■ Exercise directions ■
Restate the data word for word. Leave the pictures out.

■ Data shown ■
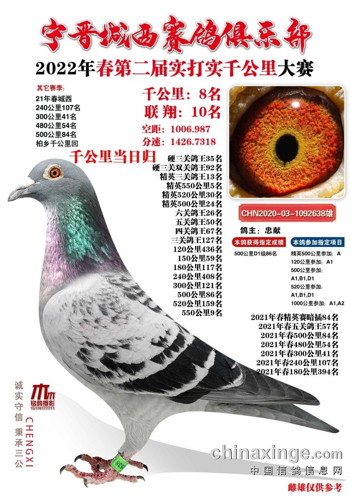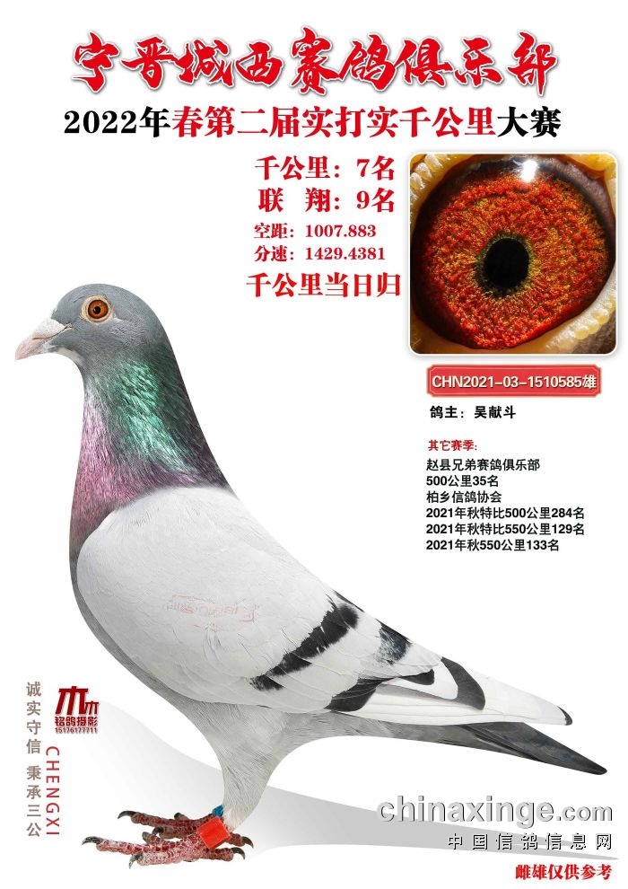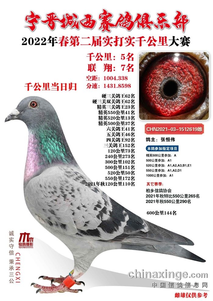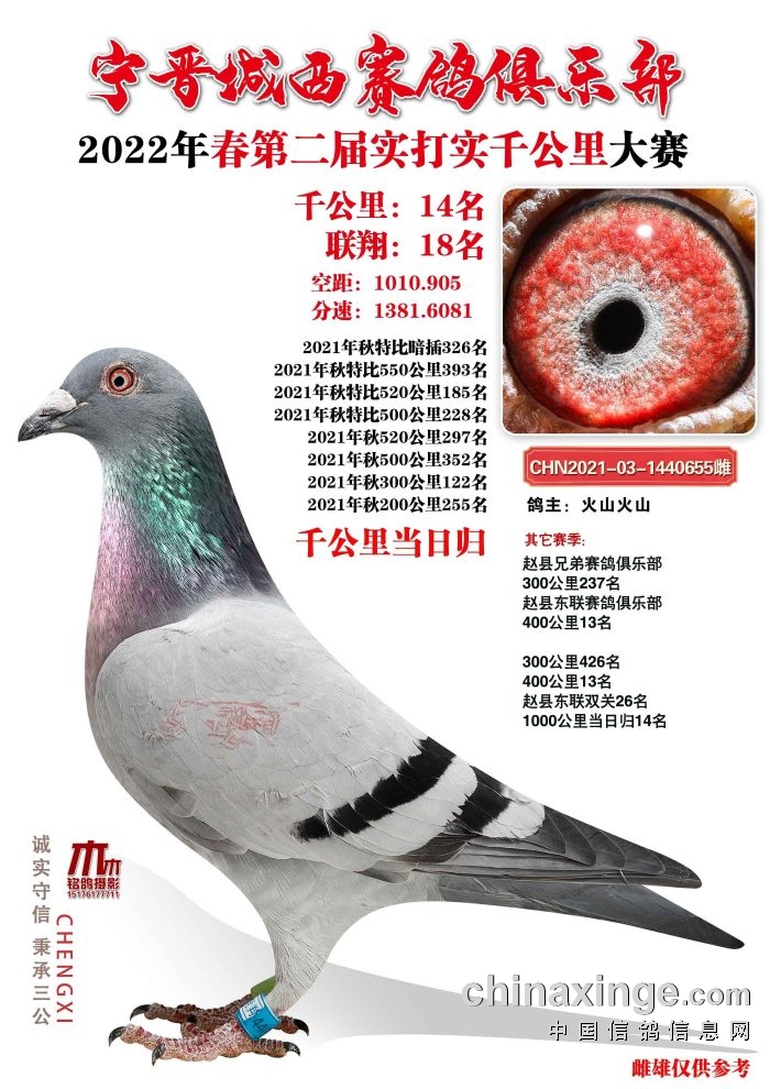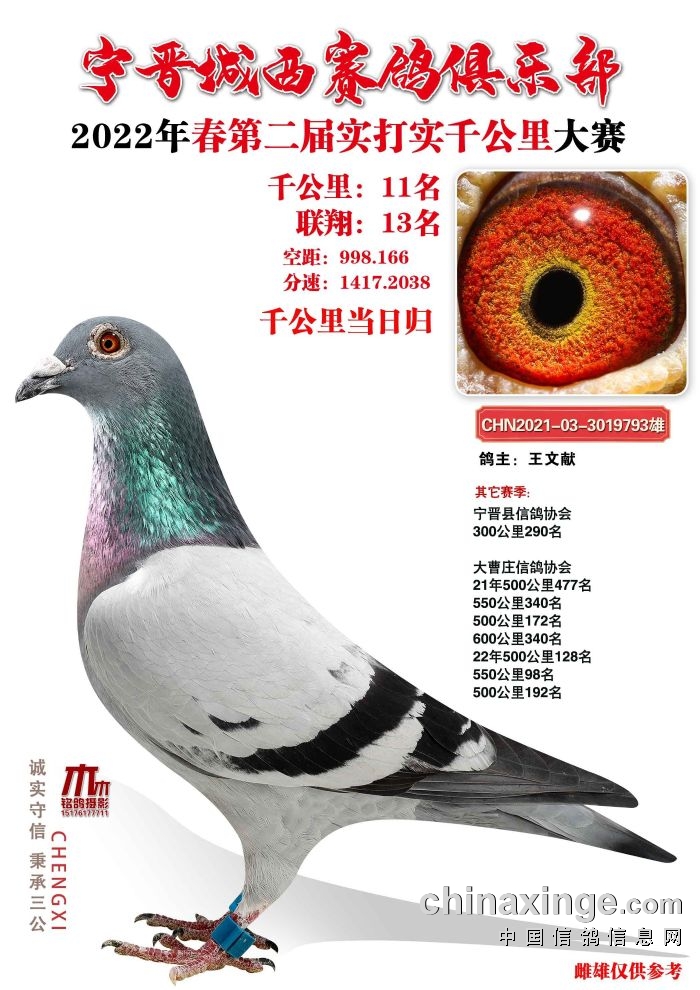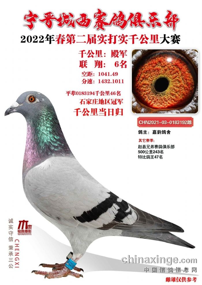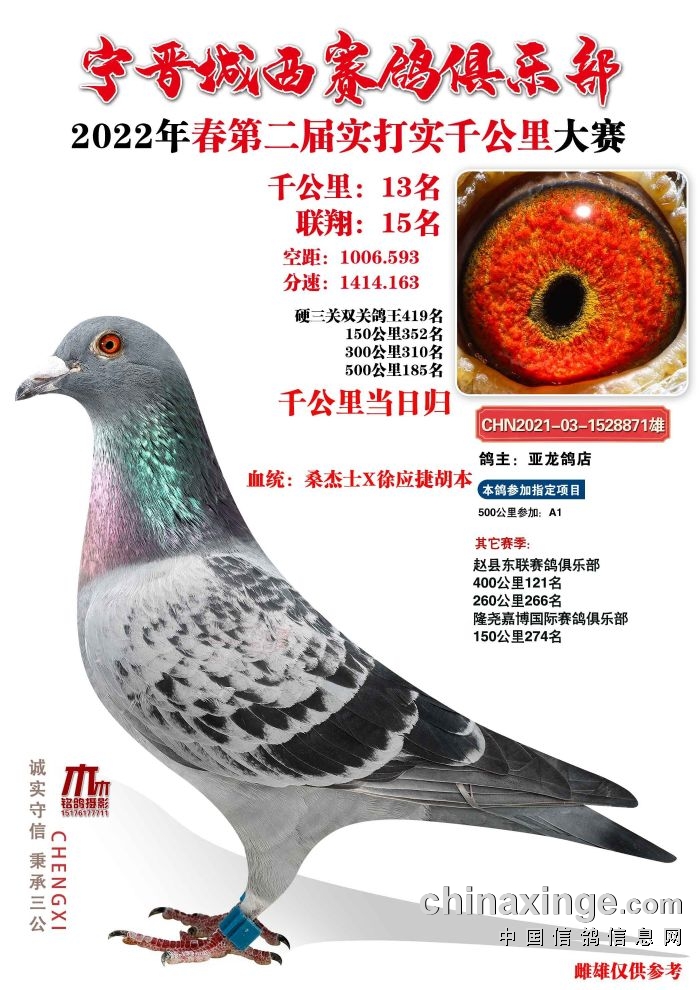 李宁原鸽友高价引进胡本血系,从180公里到1000公里,六关鸽王都有过前十的赛绩,李宁原鸽友进入鸽界两年时间,基本每场比赛都会出现在前位奖,可见鸽子血统纯正,2022年千公里当日归有飞出俱乐部亚军联翔季军的好成绩。
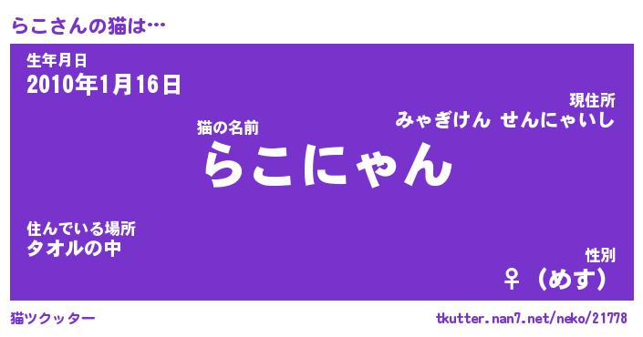 | ファンタジー風あだ名 | 『ラコフェル』『エターナルラコー』 |
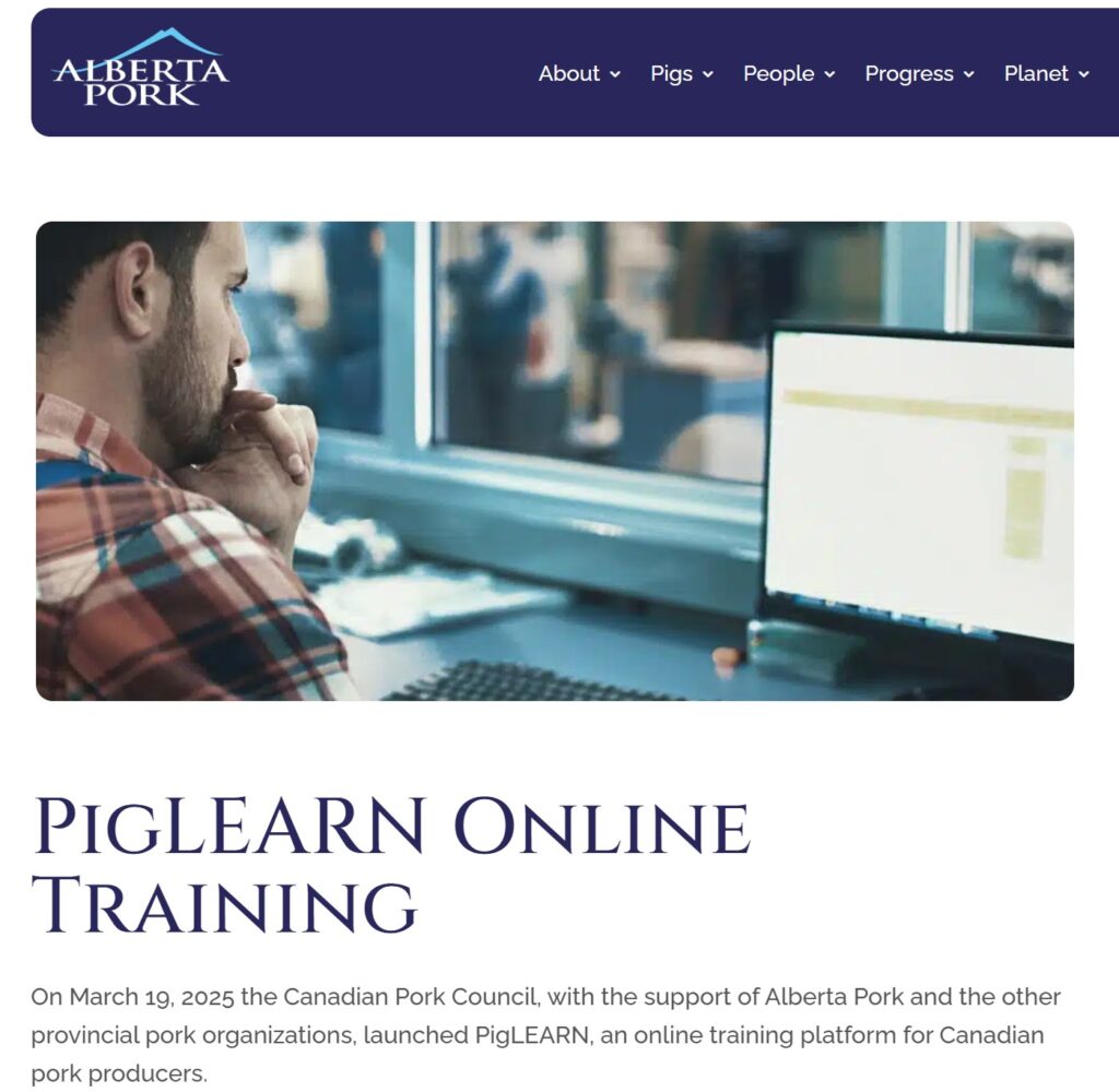 Although the idea of a PigLEARN training platform was floating around since the beginning of the project, it wasn’t decided on until 2022. CPC partnered with Enable Education from Milton, Ontario to develop and host the platform, using training videos previously developed collaboratively with Prairie Swine Centre (PSC), Centre de développement du porc du Québec (CDPQ), and Équipe québécoise de santé porcine (EQSP). The contributions of PSC, CDPQ and EQSP were foundational to developing the platform, which was officially launched in March 2025.

■ Reply ■
 李宁原鸽友高价引进胡本血系,从180公里到1000公里,六关鸽王都有过前十的赛绩,李宁原鸽友进入鸽界两年时间,基本每场比赛都会出现在前位奖,可见鸽子血统纯正,2022年千公里当日归有飞出俱乐部亚军联翔季军的好成绩。
 | ファンタジー風あだ名 | 『ラコフェル』『エターナルラコー』 |
 Although the idea of a PigLEARN training platform was floating around since the beginning of the project, it wasn’t decided on until 2022. CPC partnered with Enable Education from Milton, Ontario to develop and host the platform, using training videos previously developed collaboratively with Prairie Swine Centre (PSC), Centre de développement du porc du Québec (CDPQ), and Équipe québécoise de santé porcine (EQSP). The contributions of PSC, CDPQ and EQSP were foundational to developing the platform, which was officially launched in March 2025.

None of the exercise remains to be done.